Thanksgiving has now passed. And what a week it was. I always love Thanksgiving week in my family, partly because it's one of the few constant things in my life that I can count on. There


will always be a discussion about whether or not we actually stole the chairs in my parents garage from the church which we are now hauling to wherever it is we're having Thanksgiving this year. There will always be the "Thanksgiving beans" sitting on each plate before dinner starts so everyone can go around the table and name something they're thankful for. Mom will always cry and say she's thankful for dad when it gets to her turn, which is always very sweet. There will always be screaming children terrorizing everyone else the entire day (in the eighties these were my cousins. Now they are nieces and nephews). And there will always be an incredibly long prayer to bless the food, which is always disrupted by an incredibly awkward moment; two years ago it was Uncle Rick praying that a couple members in the family would just find spouses already, and as if that wasn't awkward enough, he got one of the people mixed up and prayed for my already married sister. This year it was my two year old niece, like a broken record, saying over and over again "I need go potty. I need go potty. I need go potty," confirming once again that I am simply too immature to maintain composure when bodily humor is placed in front of me, even in the most serious situations.
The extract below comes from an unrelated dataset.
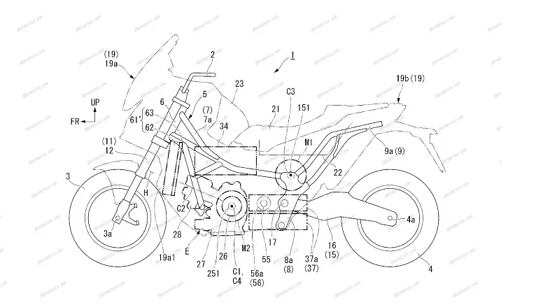 Mas graças a alguns registros de novas patentes, agora sabemos que a Honda realmente está trabalhando nesse sentido. Na verdade, ela registrou pelo menos 11 patentes separadas relacionadas a veículos híbridos de duas rodas.

A couple of days after Thanksgiving, Krishelle and I decided to help our parents put up some Christmas decorations which made my mother overly excited. After fanning out the branches of the various wreaths and trees strategically placed around the house, I felt something come over my head and then realized that it was a Santa hat, disturbingly decorated with reindeer antlers. I walked into the next room and found that Krishelle had been assaulted with antlers of her own. Mom was running around the house singing every Christmas tune she's ever heard of (including a few that I'm positive she made up) while dad fiddled with the lights stating no less than fifty times that he hated those "stupid things."

As always, the decorations miraculously turned, from what always looks like a severe case of hoarding while still in the storage room, into an immaculate display of festive cheer. It's a talent that mom has always had.

I'm looking forward to Christmas now, so much so that I secretly longed for snow the other day for about twelve seconds. But don't tell anyone.